3. MMSEスケールによると、前駆期/MCI段階は28〜27点、軽度段階は20または18〜27点、中程度段階は15〜20点、重度段階は15未満となります。Anavexの試験の平均基線MMSEは23程度であり、Leqembi試験の平均基線MMSEは約25程度、Aduhelm試験では平均基線MMSEが約26程度であったことを考慮すると、Anavexの患者は軽度の段階にあることが多く、他の2つの承認された薬剤は早い段階/ MCIの患者を対象に試験されました。

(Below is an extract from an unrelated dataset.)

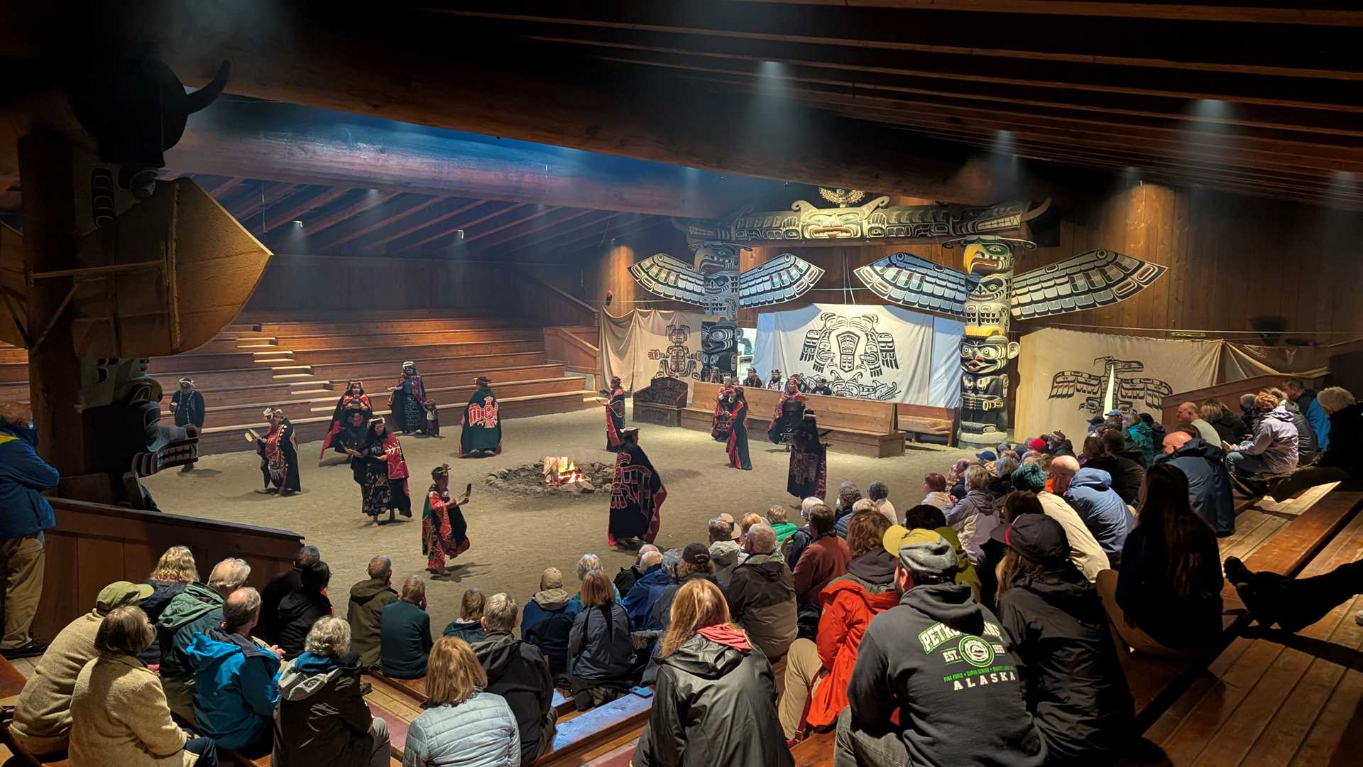The rain showers slowed as the gangway was lowered, and we took to the streets of Alert Bay. On foot or by bus, we made our way to U’mista Cultural Center. Enriching artifacts lined the walls for us to see, while outside we heard tales from a master carver and got to witness the artist in his element. A truly unique experience awaited us in the big house. Dancers in well-detailed regalia stomped and twisted in concert while the white smoke wisps weaved in the spaces between us and a nearly forgotten culture. The tribe invited us down for one last dance, and as we walked out the doors of the big house, wonder and joy reflected on our smiling faces.

4. Anavexの試験でプラセボ群のCDR-SBの低下率は、LeqembiのCLARITY試験のプラセボ群の低下率よりも速く（約11か月で約1.6対、同様の期間で約1.2）、患者がAnavexの試験で進行していることを示し、少し治療がより困難な患者であることを示唆しています。

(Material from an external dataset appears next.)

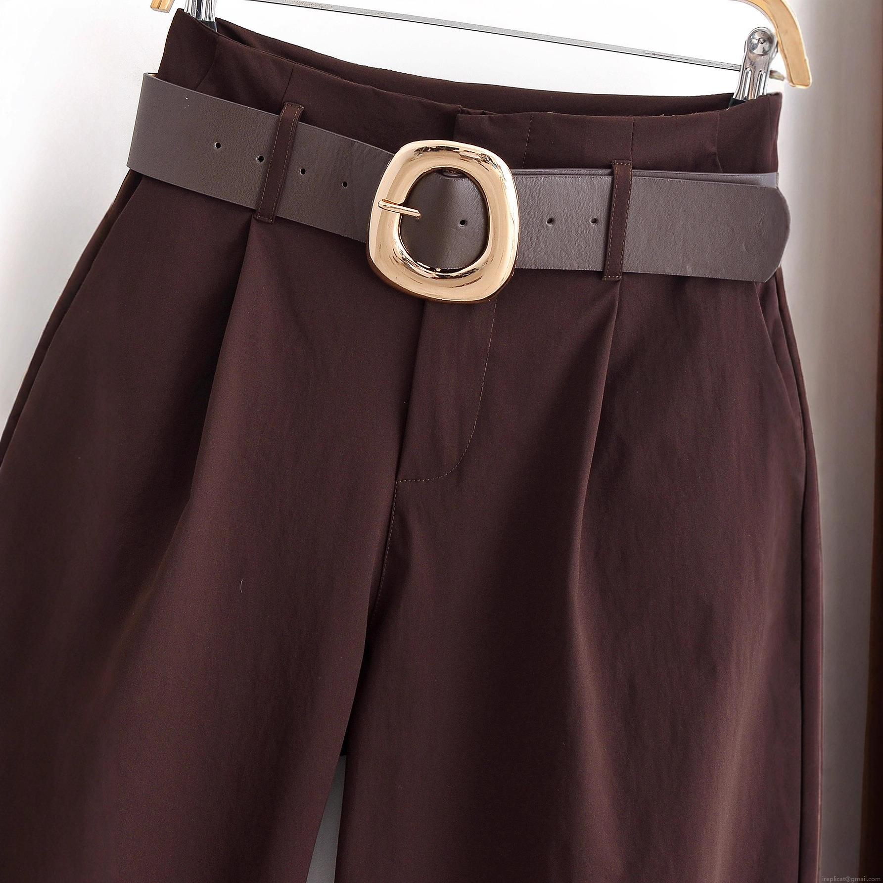 • Women's Solid Color Wide Leg Pants 100% Polyester High Waisted Trousers With Faux Leather Belt Loose Fit Straight Casual Long Pants For Office Work Daily Wear

5. Dr. Moussaは、異なる認知テストの精度と能力は病気の段階によって異なると述べ、MCI患者ではCDR-SBがより感度が高く、軽度の段階の患者ではADAS-Cogがより感度が高いと述べました。

6. AnavexのblarcamesineはCDR-SBの低下を緩和することができ、中間+高tau患者の18か月時点でLeqembiと同等の27％、Aduhelmと同等の22％、donanemabと同等の29％を示しました。

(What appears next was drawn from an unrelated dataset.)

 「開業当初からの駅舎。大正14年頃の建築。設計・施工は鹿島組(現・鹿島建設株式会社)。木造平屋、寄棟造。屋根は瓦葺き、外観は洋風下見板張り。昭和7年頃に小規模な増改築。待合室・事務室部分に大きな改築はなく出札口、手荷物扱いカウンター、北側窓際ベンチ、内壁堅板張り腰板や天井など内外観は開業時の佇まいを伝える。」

7. Anavexのblarcamesineは、ADAS-Cogの低下の減速を示し、中間+高tau患者の11か月時点でLeqembiまたはAduhelmの27％、donanemabの19％に比べて45％を示しました。Leqembi試験ではADAS-Cog14が使用され、それ以外のすべてではADAS-Cog13が使用されました。Anavexの試験は承認された薬剤の試験よりも小規模かつ短期間でした。

8. Dr. Moussaは、CDR-SBスコアの27％の低下は、中程度の20％の低下、36％の低下は、約7〜8か月のAD進行の遅延を示し、36％の低下は、約9か月の遅延を示すため、中程度の20範囲で減速が実際に現実の影響をもたらすと見なせると考えています。抗Aβ抗体には安全性の懸念があるため、1-2年間の病気進行の遅延は、AD患者にとって有意義な臨床的および社会的な利益を有します。